Overall, Nvidia expects Q2 FY23 revenue to come in at “$8.1 billion, plus or minus 2%.” The company expects the “strong” sequential growth in the revenue from Data Center and Automotive segments to be more than offset by the sequential decline in Gaming revenue.   

Wall Street’s Take

Recently, Bank of America Securities analyst Vivek Arya named Nvidia and On Semiconductor (ON) as his top semiconductor picks. Arya expects Nvidia, along with Advanced Micro Devices (AMD) and Marvell Technology (MRVL) to gain from the shift to the cloud, while he expects ON, Analog Devices (ADI), and NXP Semiconductors (NXPI) to benefit the most from their exposure to auto electrification.

Arya stated, “Our top picks serve end-markets where we expect spending/content growth drivers to be most resilient, such as in cloud computing/AI, high-end industrial, EV/advanced driver assist systems and in rising chip complexity.”

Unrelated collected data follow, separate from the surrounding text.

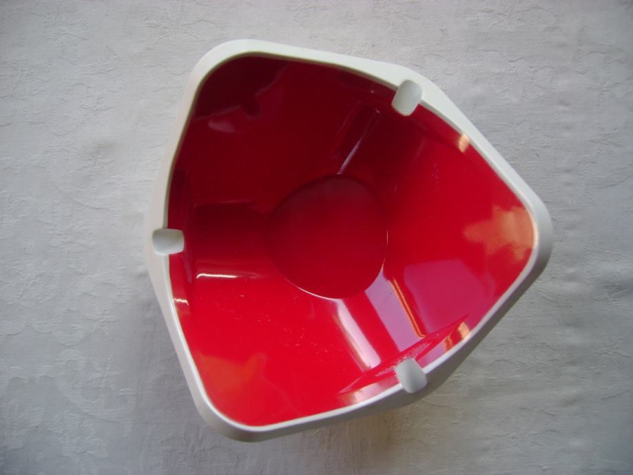 Crveno-bijela dizajnerska pepeljara, dimenzije cca 12 x 12 x 5 cm, izvrsno očuvana, bez ikakvih oštećenja - stanje je vidljivo na slikama.
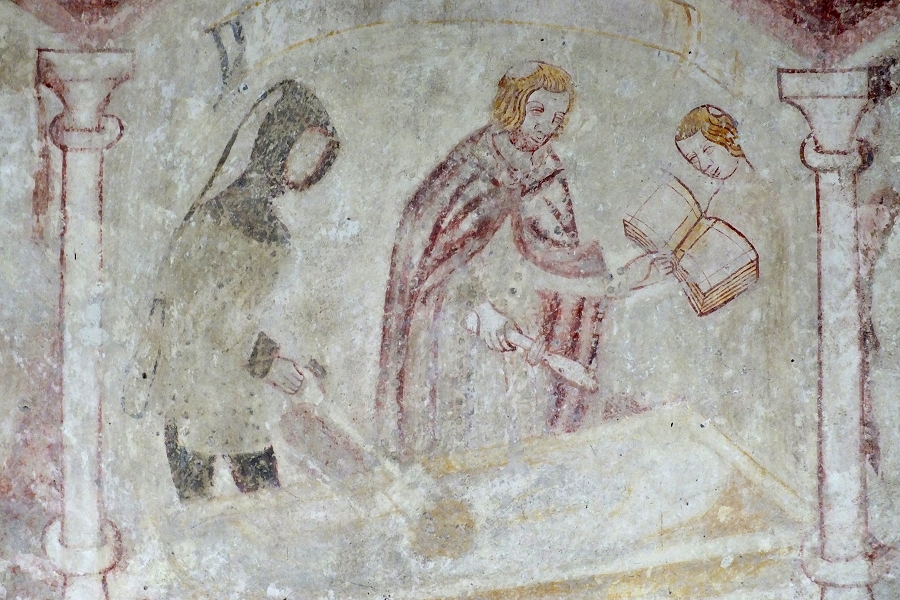 Mittelalterliche Fresken in der Kirche von Wickhampton zeigen die 'Seven Acts of Mercy' ...
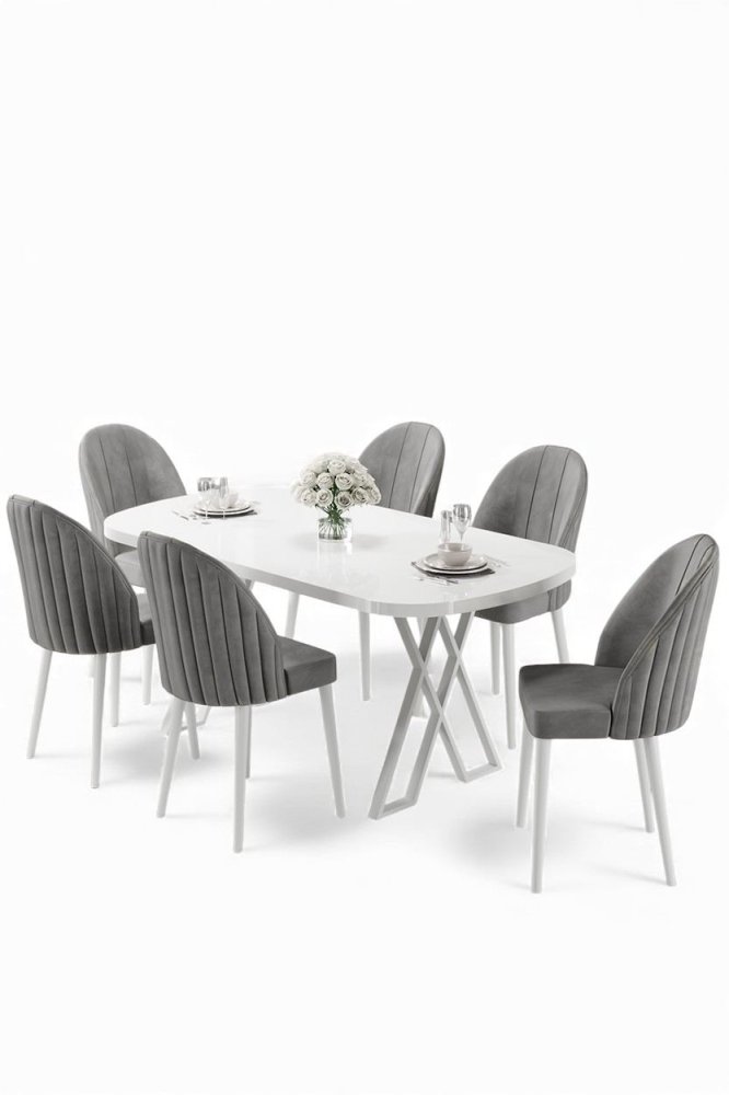 | Specifikacija | Set trpezarijskog stola i stolica (7 delova) Kaye White Grey 100% MDF Metalne nogare Ram stolice: METAL Materijal: Mekana tkanina Trpezarijski sto: Širina: 168 cm Visina: 76 cm Dubina: 90 cm (1 komad) Stolica: Širina: 44 cm Visina: 90 cm Dubina: 42 cm (6 komada) Visina sedišta: 47 cm Visina nogara: 43 cm 22 DNS pena za leđa / 28 DNS pena za sedenje Broj pakovanja: 5 173 x 9 x 95 cm / 25 kg (1 komad) 11 x 75 x 62 cm / 6 kg (1 komad) 85 x 59 x 50 cm / 18 kg (1 komad) 62 x 48 x 56 cm / 10 kg (1 komad) 62 x 48 x 56 cm / 14 kg (1 komad) |

Arya feels that at the current levels, semiconductor stocks seem compelling on a relative basis compared to industrial and infotech stocks in the S&P 500 (SPX). Moreover, he argued that catalysts such as the easing of China lockdowns could “re-energize investor interest back in the sector.”

Overall, Nvidia scores a Strong Buy consensus rating based on 27 Buys and four Holds. The average Nvidia price target of $275.27 implies 73.47% upside potential from current levels.  

Conclusion

Nvidia is expected to face near-term headwinds due to macro challenges, but most Wall Street analysts continue to be optimistic about the company’s growth prospects in the years ahead. This is based on the strong demand in the firm’s key end-markets, including gaming, data centers, automotive, AI applications, and the multiverse.

On the TipRanks Smart Score system, Nvidia earns a 9 out of 10, which implies that the stock is likely to outperform the broader market.

Also, TipRanks Hedge Find Activity tool indicates that the Confidence Signal for Nvidia is Very Positive, with hedge funds increasing their holdings in Nvidia by 1.3 million shares over the last quarter.